There's a little less truthiness and a bit fewer moments of Zen on YouTube today, as Comedy Central has aggressively leaned on the viral-video-sharing site to take down segments of its shows, including The Colbert Report and The Daily Show. Interesting move, that: a cable channel whose existence depends on getting the attention of multimedia-savvy young viewers, deliberately forgoing exposure on one of the best online venues for getting the attention of those young people. Why? I can think of two possible explanations, the dumb reason and the smart reason.
THE DUMB REASON: It's about the bottom line. Comedy Central has invested a lot of money, effort and attention into, like many cable chaannels, developing its own online-video site, Motherload. So the network doesn't want people surfing over to YouTube and watching its content free (even if that helps bring in and retain fans for its properties), when it can try to force them to its own site. Who cares if the online market has decided it doesn't want to go to Motherload and prefers one-stop video shopping at YouTube? By God, we'll make you punk kids do what we want!
THE SMART REASON: It's a bargaining ploy. Comedy Central knows that they can't re-bottle the YouTube genie, and that online, corporations must follow viewers and not the other way around. Viewers have shown they want to go to YouTube, not a flotilla of more structured, more boring old-media sites, and there's nothing Comedy Central can do about it. So the network ultimately wants to cut a deal with YouTube, as its broadcast Viacom sibling CBS did, to permit the website to post its videos with Comedy Central getting some kind of cut--and is temporarily pulling them to make sure that cut is as generous as possible.
I'm hoping for the smart reason, though I'm not going to bet money on it. Have your lawyers draft as many letters as you want: as long as your audience has a broadband pipeline, video will out eventually.
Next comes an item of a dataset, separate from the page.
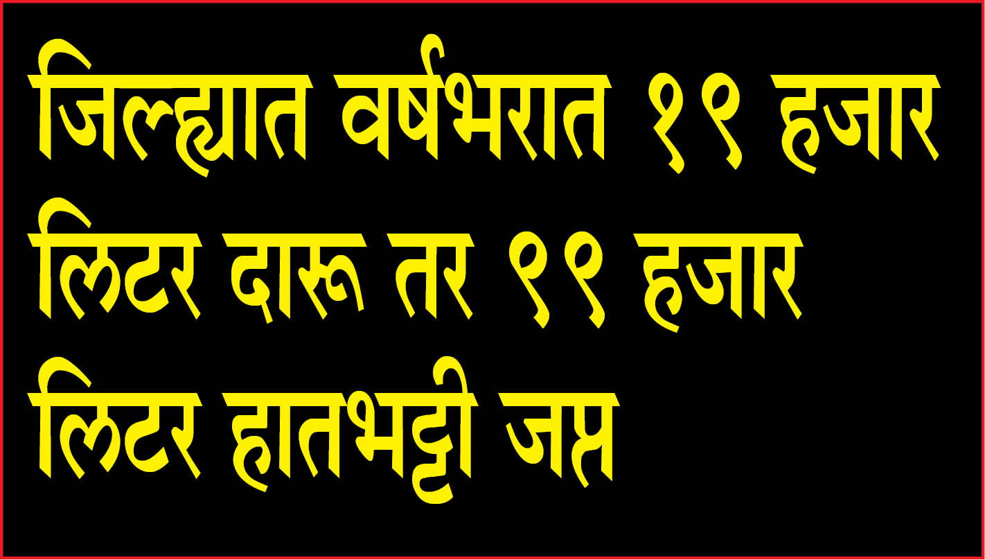 sangli crime news : जिल्ह्यात वर्षभरात 19 हजार लिटर दारू तर 99 हजार लिटर हातभट्टी जप्त December 31, 2024 No Comments

And if the TV networks are serious about emulating the music industry, not the movie industry, when it comes to digital media, then they have to do as most of the music business has done with iTunes--accept it as a reality, and make money off it as best they can. Comedy Central, like the rest of TV, has a right to negotiate the terms of how it gets paid for its content. But in the broadband age, it's the audience, not the network, that dictates the terms of where it will watch that content.